- Opening Delimiter -
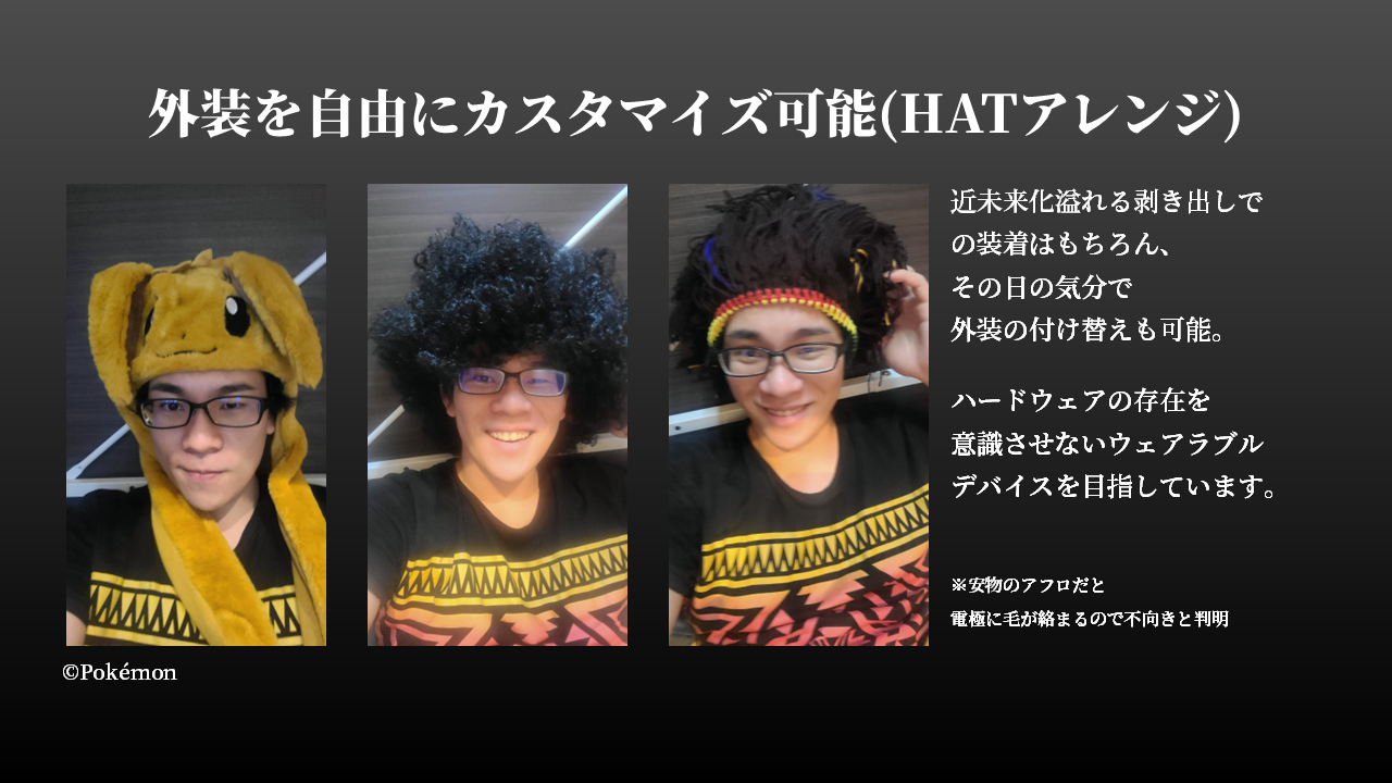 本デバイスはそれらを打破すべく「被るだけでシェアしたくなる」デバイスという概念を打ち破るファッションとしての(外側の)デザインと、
- Closing Delimiter -
- Opening Delimiter -
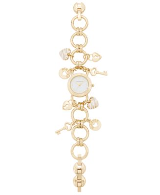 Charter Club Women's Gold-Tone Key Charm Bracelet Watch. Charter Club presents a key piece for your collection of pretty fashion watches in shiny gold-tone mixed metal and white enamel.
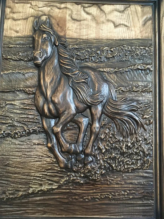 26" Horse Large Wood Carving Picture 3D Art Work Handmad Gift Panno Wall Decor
- Closing Delimiter -
* [REQUIRED ACTION] Reproduce exactly the lines of the data above that run from the line with "Charter Club Women's" down to the line with "Panno Wall Decor", both ends included. Pictures do not belong in the copy.

* [EXPECTED OUTPUT]
 Charter Club Women's Gold-Tone Key Charm Bracelet Watch. Charter Club presents a key piece for your collection of pretty fashion watches in shiny gold-tone mixed metal and white enamel.
 26" Horse Large Wood Carving Picture 3D Art Work Handmad Gift Panno Wall Decor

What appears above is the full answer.